On this night, the house had a strange atmosphere. There were no visitors to their home, but inside it seemed more alive than usual. Everyone in the house had broken the humdrum continuity of their nightly routines, and their actions had a new hue and color to them. It was like when the autumn morning light shines on the wheat harvest; the old dry husks that contained them had begun to open and fall away, letting them flutter individually in the way that was their nature. They blew in the wind, this way and that. Some even took to the wind, flying. Each had its own reason for joyfulness. In the midst of this, although he tried not to show it, Ali Genav was the happiest of all, while Mergan was also happy, in her own way. Her life had been shaken; the wedding of a daughter is always a point of pride for a mother, and seen from her perspective, Mergan was satisfied. Even Hajer was now more or less satisfied, because she was slowly approaching that stage that customarily most girls, more or less, anticipate: marriage.

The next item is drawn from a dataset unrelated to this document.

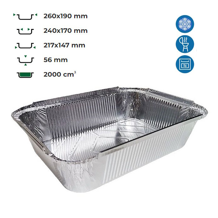 Алюмінієвий контейнер 2000 мл — це зручна одноразова тара для приготування, зберігання, запікання та транспортування гарячих і холодних страв. Контейнер виготовлений з харчової алюмінієвої фольги, яка стійка до високих температур, не змінює смак продуктів і підходить для духовок, грилів та морозильних камер. Ідеально підходить для HoReCa, кейтерингу, доставки їжі, а також побутового використання.

Hajer had brought herself to believe that most marriages are only slightly desirable but become more acceptable with a bit of imagination. It’s a human affair, after all! One can quite often just choose to overlook certain things. Like the fact that Hajer wasn’t yet thirteen, or the fact that Ali Genav’s beard was turning gray. And most of all, the fact that she was marrying a man who not only still smelled of his first wife, but who also lived with her. Also, this wife lived her life as a ghost, pacing around their little house with a cane. Raghiyeh … a woman transformed into anger and complaints, whose voice seemed to emanate from the mud-brick walls. She was a woman with eyes that watch the world from behind an inner curtain. Eyes covered by dust, tinted with the color of sleep, which watch you from the depths of their sockets. They keep looking at you and ask you something silently. They only say one thing; something wordless, something impossible to express. A thousand words could be said, but that one last one would be left unsaid, a word that keeps on bothering you. But it’s a human affair, after all. Some things can just be overlooked. No doubt, Hajer would have to overlook many things.